In my judgment the case of Bereman v. Grant, 195 Okl. 330, 157 P.2d 743, is no authority for the issue involved in this action. In the Bereman case a suit was brought to foreclose a mortgage. A son of the original owner and mortgagor, who was a defendant in the action, defended on the ground that he acquired the property *227through a Commissioner’s deed and asserted title to the property. The evidence shows the son and father were occupying the property together, at the time the tax title was acquired and had been so occupying the premises together for six or seven years prior thereto; that they jointly farmed the land. There was some evidence from which a conclusion could he drawn that they jointly participated in the profits. The son looked after his father’s business. The son listed his father’s property both personal and real for taxation and paid the taxes thereon.

This court found the evidence insufficient to show there was any conspiracy or that there was any agreement between the son and father that the son should acquire title to the property for and on behalf of the father.
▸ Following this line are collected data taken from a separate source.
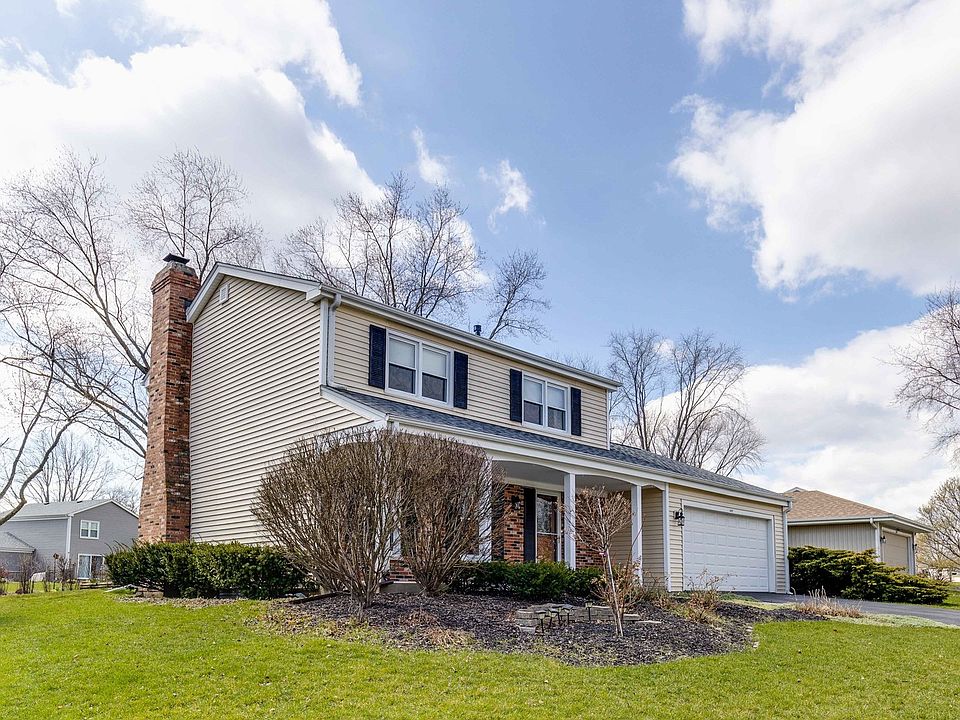 Nestled amidst a quiet suburban street, this classic two-story colonial exudes timeless charm and potential. Its exterior is adorned with a picturesque front porch, where inviting rocking chairs beckon residents to relax and savor the peaceful ambiance of the neighborhood. Stepping through the front door, the spacious living room includes new carpet and opens to the family room with majestic brick fireplace, evoking warmth and coziness on chilly evenings. Sliders in family room invite streams of natural light, casting a soft glow upon the space, Wood floors in family room have been recently redone ready for the new owners. Current owners did use this as a dining room but the light fixture could easily be changed to a ceiling fan. Adjacent to the family room French doors open to the eating area which offers ample space for gatherings and entertaining, including Anderson sliding glass doors(with lifetime guarantee) leading to the deck that extends the living space outdoors, perfect for summer barbecues or morning coffee. The kitchen, though brimming with potential, awaits a modern touch. Its layout is functional, with ample cabinet space with an updated skylight that adds tons of sunshine. The spacious laundry room right off the kitchen is perfect place for laundry and mudroom with access to the backyard. Ascending the staircase, you'll find three bedrooms, each offering a retreat from the hustle and bustle of daily life. All newer doors (except the linen closet door 3rd bedroom closet door)The primary suite is sized to make it a perfect place to end the day! A private en-suite bath offering convenience and privacy. Two additional bedrooms provide flexible space for family, guests, or a home office, each boasting the potential to be transformed into personalized sanctuaries. Check out the partial basement that could be converted to future living space. Ample storage in the crawl space plus brand new 50 gal water heater! Completely brand new roof including insulation, soffits and oversize gutter approximately 2022. Outside, the property offers a spacious backyard, providing endless possibilities for gardening, outdoor activities, or simply enjoying the tranquility of nature. The Tullamore neighborhood includes Leo Leathers park just a few blocks away with Frisbee, baseball and large playground. There is a private subdivision pool for summer fun within walking distance as well. Great location for shopping, schools and restaurants. This home is in need of some updating but brimming with potential, this charming colonial invites its new owners to infuse it with their own personal style and vision, transforming it into a beloved home where cherished memories are made for years to come. ****This home being sold as is!***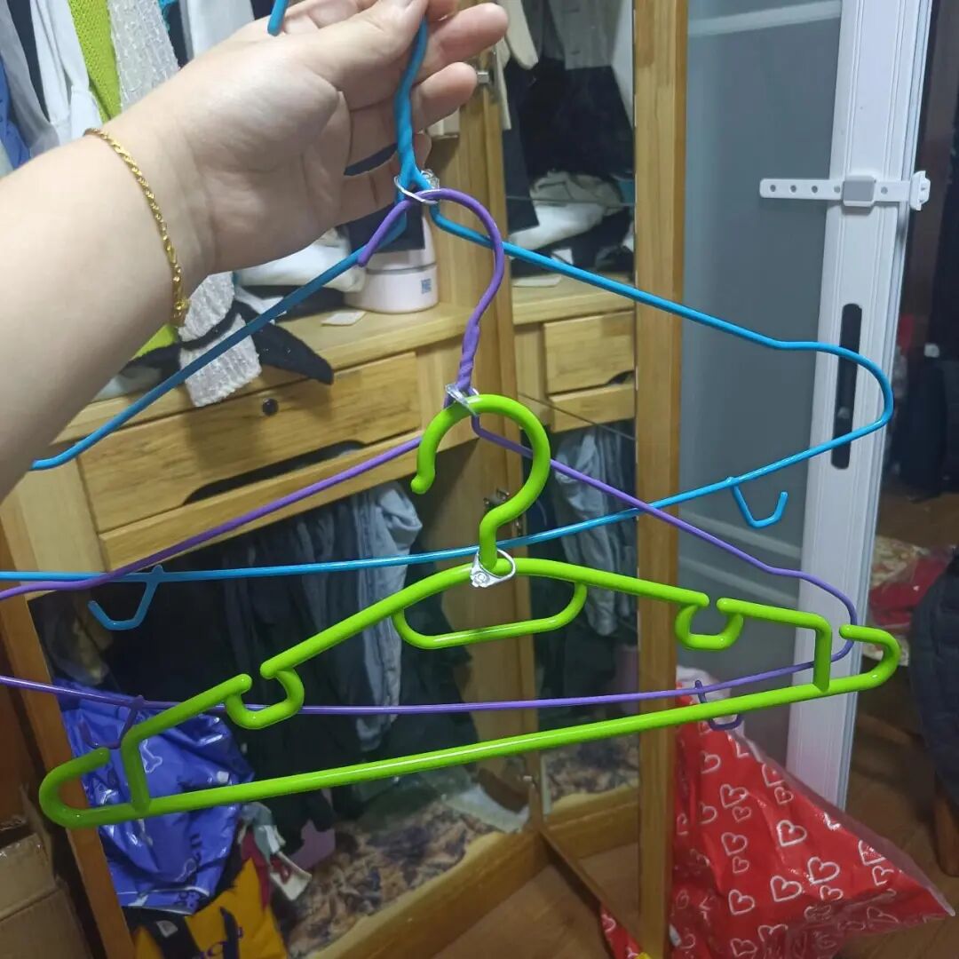 年轻人早就看不下去了,他们从易拉罐上抠下那个小拉环,串在衣架上,一个衣架瞬间能挂三四件衣服。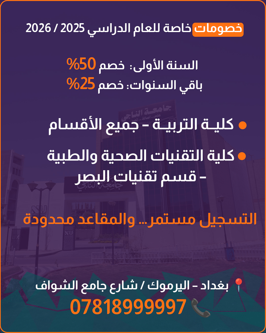 وفرصتك الآن للالتحاق بأقسام رصينة، وكادر تدريسي متخصص، ومختبرات مجهزة، ضمن بيئة أكاديمية داعمة تقدم تعليماً عالي الجودة.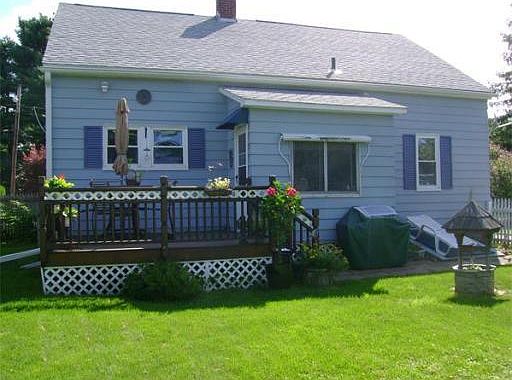 On dead end street across from the High School sits this pretty 4 bedroom cape. Hardwood floors throughout. Pellet stove remains. Roof is 5 years old, furnace is 8 years old APO. Rear deck overlooks fenced backyard with goldfish pond and barbeque pit. 1 car detached garage with door opener.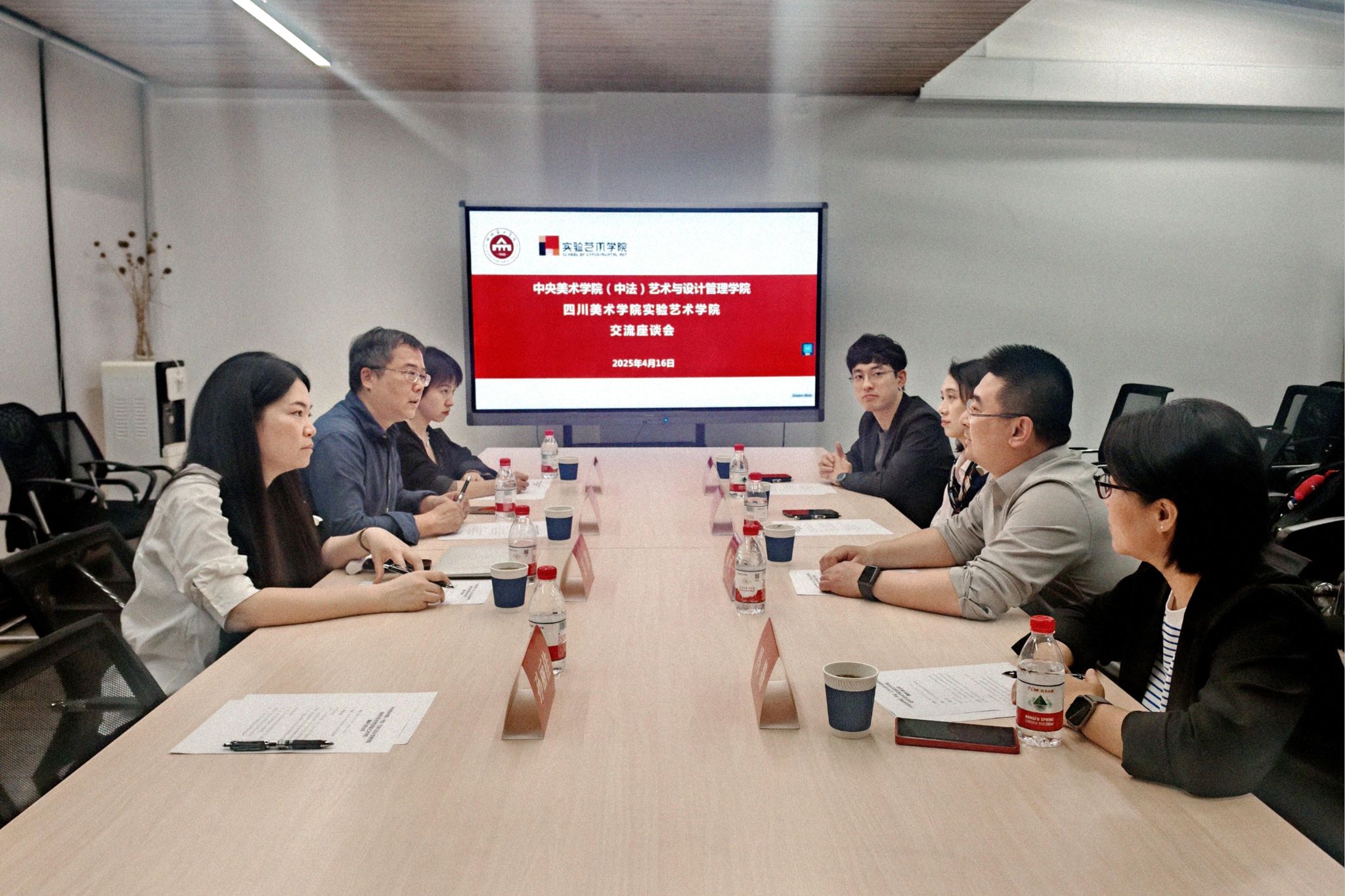 4月16日下午,中央美术学院(中法)艺术与设计管理学院(简称“中法学院”)直属党支部书记黄可一、副院长王可一行,赴我校实验艺术学院开展交流座谈活动。实验艺术学院党委书记吴倩、院长李川及相关同志参加座谈。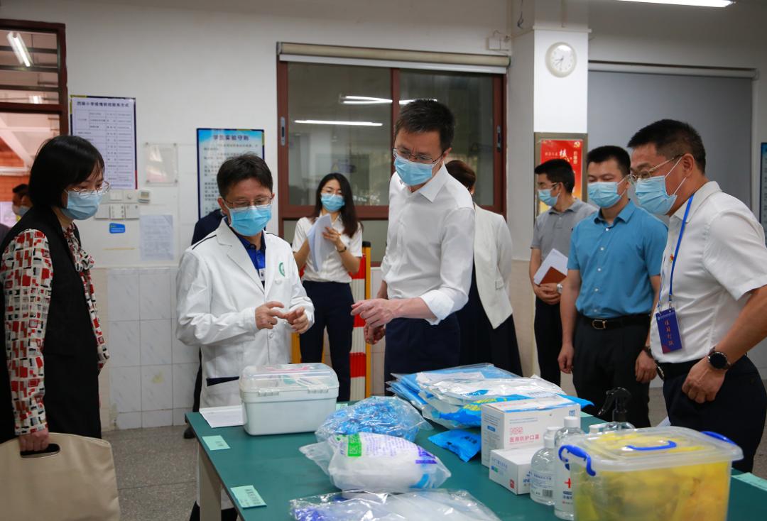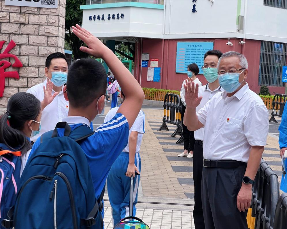 4月13日上午,南山区委副书记、区长黄湘岳率队前往西丽小学、海德学校检查督导学生返校及校园疫情防控工作,区委常委、区委(政府)办公室主任李威陪同调研。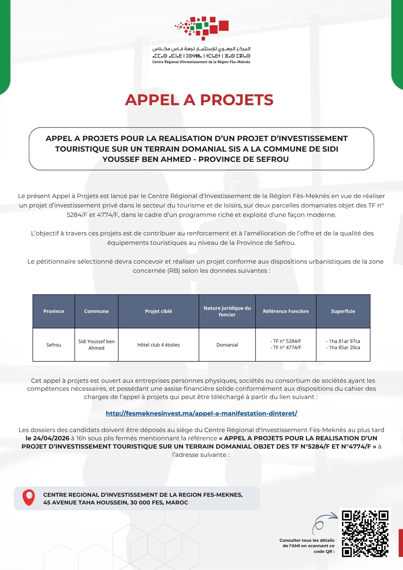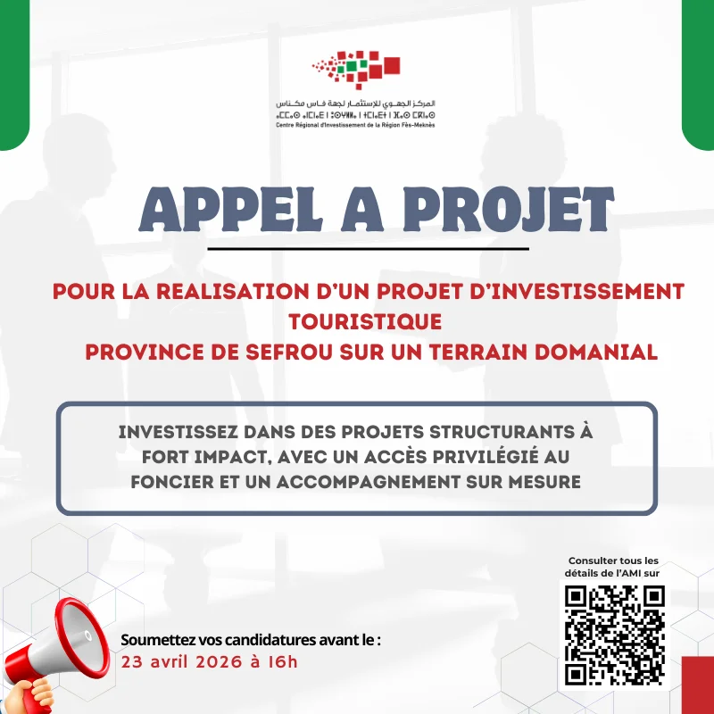 Les dossiers des candidats doivent être déposés au siège du Centre Régional d’Investissement Fès-Meknès au plus tard le 23/04/2026 à 16h sous plis fermés mentionnant la référence «APPEL A PROJETS POUR LA REALISATION D’UN PROJET D’INVESTISSEMENT TOURISTIQUE SUR UN TERRAIN DOMANIAL A SEFROU » à l’adresse suivante :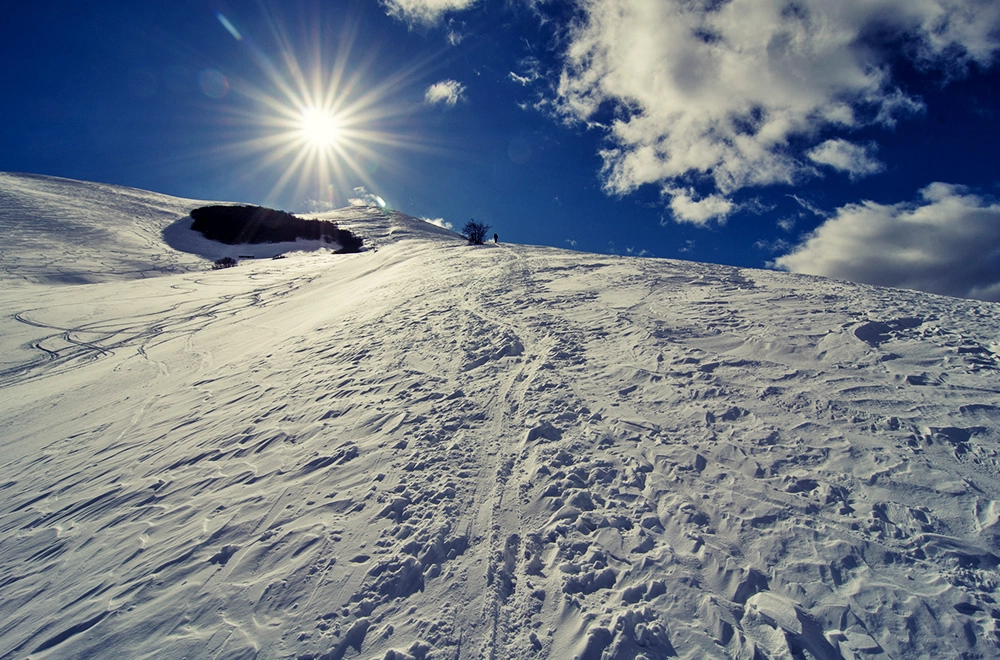 La Majella d'inverno assume un fascino incredibile. Le vette che coronano la Valle dell'Orfento si coprono di bianco, la natura rallenta e si fa tutto più silenzioso e ovattato, il tempo è scandito dal vento e dal suono delle ciaspole che affondano nella neve.

This court did find, however, that the evidence was sufficient from which the court might have drawn the conclusion that a fiduciary relationship existed and that the son had such an interest in the property as would have precluded him from acquiring a tax deed. In that case we held that the son could not acquire a tax deed in the presence of facts indicating and showing a moral obligation upon the son to see that the taxes were paid.

The facts in that case are distinguishable from the facts in the case at bar. Here, the mother, Effie D. Crisp, was never in possession of the property; she never received any benefits from the property; she was not morally or legally obligated to pay the taxes either as a mother or as a mortgagee, nor had she ever paid the taxes except through purchasing the tax certificate. She had the legal right to purchase the tax certificate and acquire the County Treasurer’s Tax Deed.

Since the law is well established in this jurisdiction that in the absence of an obligation or duty on the part of the mortgagee to pay taxes, such mortgagee is not disqualified to acquire a County' Treasurer’s Tax Deed and assert his title acquired through such tax deed against the mortgagor; and, since our statutory provisions specially provide that a tax deed “shall vest in the grantee an absolute estate in fee simple [title] in such lands”, without qualifications; and, since the mortgagee in the instant action was given notice of the application for the tax deed and could have protected his rights; and since, in my judgment, a mortgagee owes no more duty to another mortgagee than he owes to a mortgagor, I am of the opinion that the mortgagee was a qualified purchaser of the tax deed and can assert her title against the world (see Stith v. Gidney, supra,) which would include the senior mortgagee in the instant action.

For the foregoing reasons, I dissent to the opinion promulgated by a majority of my associates.

I am authorized to state that BLACKBIRD, C. J., concurs in the views herein expressed.